Contra Mozilla

Wednesday, June 15, 2016

Comfort and the Middle Class

I've been reading through Richard Weaver's Ideas Have Consequences (finally!). It is a good read--the man taught rhetoric, so it is well-written, generally--and quite thought-provoking. There are some passages which read as odd, or even "cranky" at times, and not merely because they challenge some of the underlying assumptions upon which our modern society is built.

However, I have found that there is one long-lasting distraction through this book, which is that Weaver had a serious axe to grind against the Middle Class. He can't seen to make it more than a few pages before returning to the common theme, which is that the great ills of society ought all to be laid at the feet of the Middle Class (he does, in fact, use the term "bourgeoisie" on numerous occasions) to to those who have capitulated to it.

He does this to the extreme of complaining that one great turning point of civilization away from the good was during the late Middle Ages when the educated society turned its attention from Plato to Aristotle:
"The way was prepared for the criteria of comfort and mediocrity when the Middle Ages abandoned the ethic of Plato for that of Aristotle. The latter's doctrine of rational prudence compelled him to declare in the Politics that the state is best ruled by the middle class. For him, the virtuous life was an avoidance of extremes, a middle course between contraries considered harmful.... 
Here the conception of Plato--expressed certainly, too, by Christianity--of pursuing virtue until worldly consequence becomes a matter of indifference, stands in contrast. Aristotle remains a kind of natural historian of the virtues, observing and recording them as he observed techniques of the drama, but not thinking of a spiritual ideal. A life accommodated to this world and shunning the painful experiences which extremes, including those of virtues, entail was what he proposed for his son Nicomachus. 
One could anticipate that this theory would recommend itself to the Renaissance gentleman and later to the bourgeoisie when their turn came. In Thomism, based as it is on Aristotle, even the Catholic church [sic.] turned away from the asceticism and the rigorous morality of the patristic fathers to accept a degree of pragmatic acquiescence in the world."
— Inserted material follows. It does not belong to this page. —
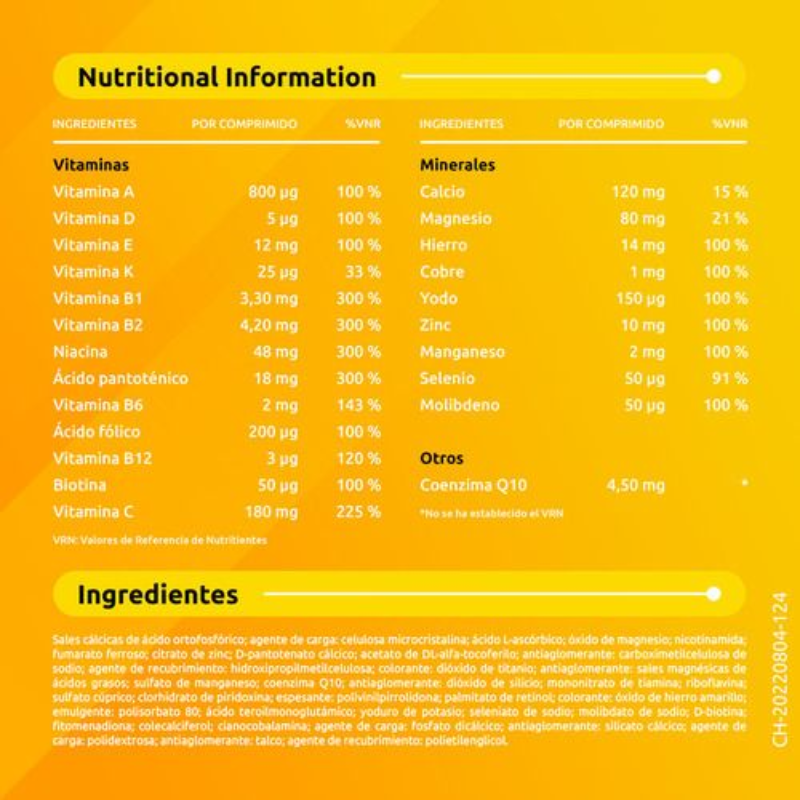 INGREDIENTS p>Sals càlciques d'àcid ortofosfòric; cel·lulosa (E 460) (agent de càrrega); àcid L-ascòrbic; òxid de magnesi; barreja de minerals [fumarat ferrós; sulfat cúpric; iodur de potassi; citrat de zinc; sulfat de manganès; selenià de sodi; molibdat de sodi; cel·lulosa; polivinilpirrolidona (E 1201) (espessant)]; coenzim Q10; nicotinamida; hidroxipropilmetilcel·lulosa (E 464) (agent de recobriment); acetat de D-alfa-tocoferil; D-pantotenat càlcic; carboximetilcel·lulosa (E 468) (antiaglomerant); retinol; sióxid de Titani (E 171) (colorant); sals magnèsiques d'àcids grassos (E 470b) (antiaglomerant); biotina; diòxid

Here Weaver seems like the ascetic who believed that asceticism is necessary for all people, all the time--he rails against any modern comforts, and the middle class consumers of them. At times, this feels like a breath of fresh air--we could all use a little asceticism in our lives--but elsewhere he appears to fall into the tap of appearing to argue that modern comforts are bad simply because they are comforts.
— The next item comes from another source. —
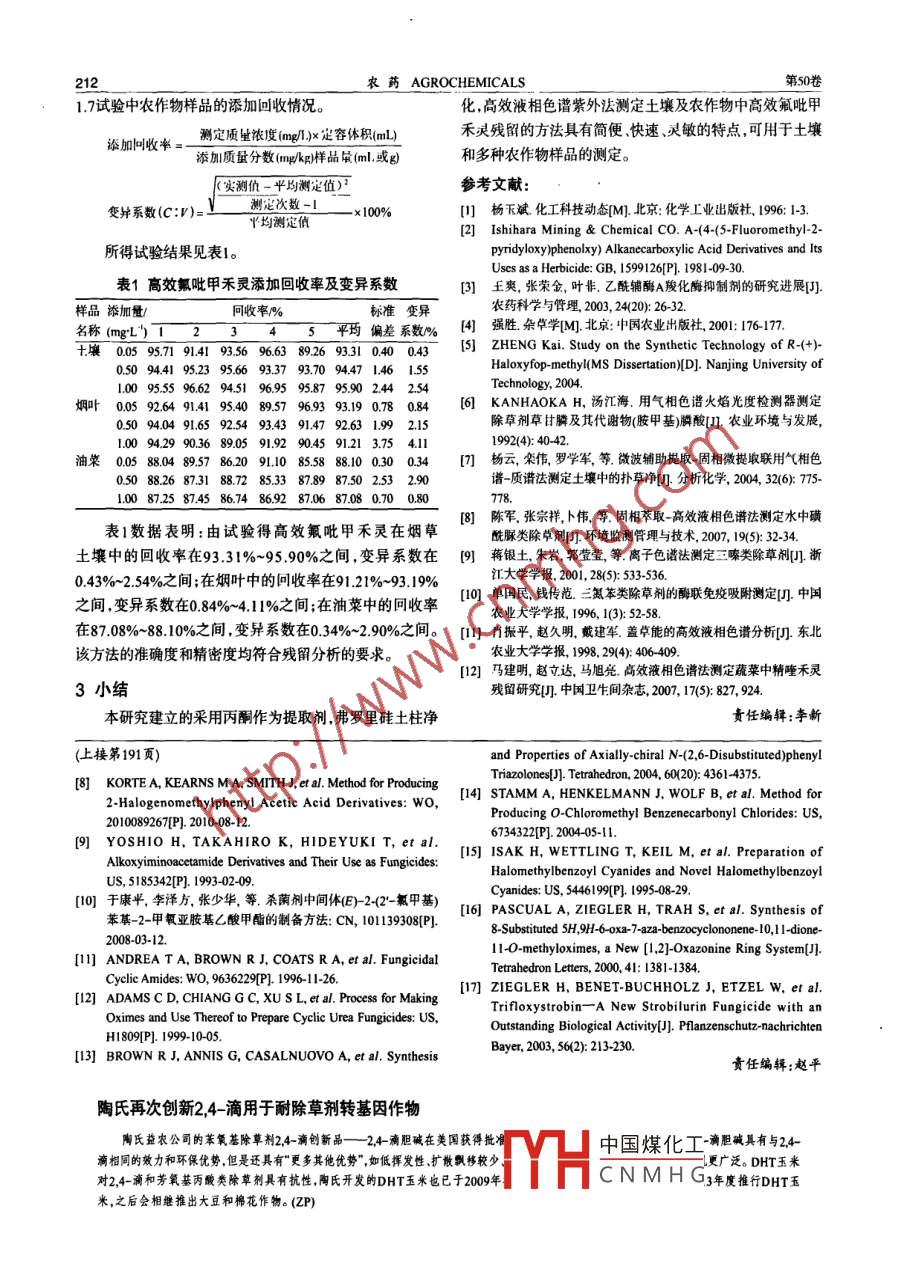 第50卷第3期Vl.50,No.32011年3月AGROCHEMICALSMar 2011研與開肟菌酯的合成工藝陸翠軍,劉建華,杜曉華浙江工業(yè)大學(xué)催化加氫研充中心,杭州310014)摘要:(方法]以苯酞為主要原料先與雙(三氯甲基)碳酸酯(BTC)開環(huán)反應(yīng)生成鄰氯甲基苯甲酰氯再與氰化鈉反應(yīng)得到鄰氯甲基苯甲酰氰,甲醇酯化然后與甲氧基胺鹽酸鹽肟化,最后與間三氟甲基苯乙酮肟縮合得到肟菌酯。[結(jié)果]合成路線5步總收率22%。[結(jié)論該工藝簡單經(jīng)濟(jì)條件溫和適合工業(yè)化生產(chǎn)。關(guān)鍵詞:殺菌劑;肟菌酯;鄰羥甲基苯甲酸內(nèi)酯;合成中圖分類號:TQ4603文獻(xiàn)標(biāo)志碼:A文章編號:10060413(201103018705Synthesis of TrifloxystrobinLU Cui-jun, LIU Jian-hua, DU Xiao-hua( Catalytic Hydrogenation Research Center, Zhejiang University of Technology, Hangzhou 310014, ChiAbstract: [Methods] Trifloxystrobin was synthesized using phthalide as a main starting material, by the reactions ofphthalide ring-opening with bis(trichloromethyl)carbonate to give o-chloromethylbenzoyl chloride, cyaniding to givea-chloromethylbenzoyl cyanide, esterifying with methanol, oximating with methoxyaminium chloride, and condensatingwith 3( trifluoromethyl)acetopheoxime. [Results] The total yield was 22% based on phthalide. [Conclusions] Thisprocess is simple, warm and economical, which is suitable for industrial scale manufacture.Key words: fungicide; trifloxystrobin; phthalide; synthesis肟菌酯 trifloxystrobin)是從天然產(chǎn)物 Strobilurins作為與甲氧基鹽酸鹽肟化,再經(jīng)N-溴丁二酰亞胺溴化得到2先導(dǎo)化合物成功開發(fā)的一種含氟殺菌劑。它能被植物蠟溴甲基-甲氧亞胺基苯乙酸甲酯,合成路線如下。質(zhì)層強(qiáng)烈吸附,對植物表面提供優(yōu)異的保護(hù)活性。主要用M,乙腰,cuBr2LBr于葡萄、蘋果、小麥、花生、香蕉、蔬菜等進(jìn)行莖葉處理、防治。肟菌酯在土壤中、水中可快速降解,對環(huán)境安全肟菌酯主要通過2-鹵代甲基-α-甲氧亞胺基苯乙酸酯與間三氟甲基苯乙酮肟縮合得到其中鹵素通常是氯或溴。按起始原料的不同,中間體2-鹵代甲基a-甲氧亞OOCH3胺基苯乙酸甲酯的合成方法可以歸納為以下10種。1)以鄰甲基苯乙酮為原料,經(jīng)高錳酸鉀的堿性氧化,與路線1)的不同之處在于2-氯甲基a-羰基苯乙酸甲甲醇酯化再與甲氧基鹽酸鹽肟化然后用N溴丁二酰亞酯通過步反應(yīng)得到看似簡化了反應(yīng)步驟但是第1步反胺溴化得到2-溴甲基—a-甲氧亞胺基苯乙酸甲酯,合成應(yīng)過程復(fù)雜,條件較苛刻且起始原料較昂貴不適合工業(yè)路線如下。化生產(chǎn)。3)以鄰甲基苯甲酸為原料,與亞硫酰氯回流得鄰甲基苯甲酰氯;與氰化鉀反應(yīng)得鄰甲基苯甲酰氰;然后酯化、肟化溴化得2-溴甲基a-甲氧亞胺基苯乙酸甲酯門,合成路線如下路線簡單,反應(yīng)條件溫和但是總收率較低,原子利用率不高;溴化過程難以控制容易產(chǎn)生二溴化合物。2)以鄰溴甲苯和乙二酰氯單甲酯為原料通過銅鋰試中國煤化工劑進(jìn)行偶聯(lián)反應(yīng)得到2-氯甲基α-羰基苯乙酸甲酯然后CNMHG牲較大的亞硫酰氯收稿日期:2010-12-15作者簡介:陸翠軍(1985),男江西九江人,碩士研究生。通訊作者:杜曉華。T:057188320430,E-mail::xiaohua@jut.edu.cn農(nóng)藥 AGROCHEMICALS產(chǎn)生有害氣體二氧化硫仍然采用了產(chǎn)率較低的溴化步驟第2步收率僅有30.3%,且該步驟中格式反應(yīng)難以控4)以鄰甲基苯甲醛為原料,5步反應(yīng)得2-溴甲基—a-甲制,形成的格式中間體不穩(wěn)定;第3步需要12MPa高壓反氧亞胺基苯乙酸甲酯,總收率16%,合成路線如下。應(yīng)對設(shè)備要求高8)以鄰羥甲基苯乙酸內(nèi)酯為原料,3步反應(yīng)得2-氯甲基a-甲氧亞胺基苯乙酸甲酯,總收率25%合成路線如下COo sx COOCHCH3OH路線較長,收率較低,溴代過程用到毒性較大的溴素亞硫酰氯四氯化碳5)以NN-二甲基芐胺和草酸二甲酯為起始原料,經(jīng)起始原料鄰羥甲基苯乙酸內(nèi)酯難以獲得,甲某化試劑3步反應(yīng)得2氯甲基-甲氧亞胺基苯乙酸甲酯,3步總收硫酸二甲酯毒性較大,亞硫酰氯使用過程中產(chǎn)生污染環(huán)境率55%,合成路線如下。的二氧化硫氣體。以鄰甲基苯乙酸甲酯為原料,經(jīng)二氧化硒氧化得2-氯甲基-α-羰基苯乙酸甲酯然后肟化、溴化得2-溴甲基—a-甲氧亞胺基苯乙酸甲酯,合成路線如下。O OCH3該路線相對簡單收率較高,但是第1步反應(yīng)需要用到貴的四丁基鋰,不利于工業(yè)化生產(chǎn)6)以鄰甲基苯乙腈為原料,5步反應(yīng)得2-氯甲基a-甲氧亞胺基苯乙酸甲酯,總收率239%,合成路線如下。該路線只在文獻(xiàn)中提到,沒有操作實(shí)例,并且原料二氧化硒價(jià)格較貴10)以鄰羥甲基苯甲酸內(nèi)酯為起始原料,4步反應(yīng)得2-氯甲基a-甲氧亞胺基苯乙酸甲酯,總收率46%,合成路NOCH3線如下。COOCH3COOCH第1步溴代反應(yīng)收率僅45%易產(chǎn)生多溴代物難以分離;第3步反應(yīng)需要無水無氧操作,且用到毒性較大的硫酸7)以鄰氯芐氯為原料,4步反應(yīng)得2-氯甲基α-甲氧亞苯酞開環(huán)生成酰氯基和氯甲基,省去了低收率的溴化胺基苯乙酸甲酯,總收率22%,合成路線如下?;蚵然襟E各步反應(yīng)條件溫和,總收率較高。但是該路線也存在較大的缺點(diǎn),開環(huán)反應(yīng)使用毒性較大的亞硫酰氯產(chǎn)生有害氣體二氧化硫,且后2步反應(yīng)需要使用過量氯化氫氣體對反應(yīng)設(shè)備的要求較高所以

At his best, Weaver makes arguments which might be said to compliment--or be complimented by--those in Joseph Pieper's Leisure: The Basis of Culture (to name one work), as comforts and convenience and riches do have certain spiritual drawbacks. Where modern "convenience" enslaves us to the devices which make it possible, and where "comfort" and "relaxation" and "amusement" distract us from contemplation, leisure, or wonder, these former are for the worse. But they do remain secondary goods, and the problem is desiring them inordinately, or desiring them above the latter, "primary" goods. Weaver at times seems to lose sight of this in his eagerness to embrace "sentiment" and "ideal", to say nothing of the spiritual and philosophical.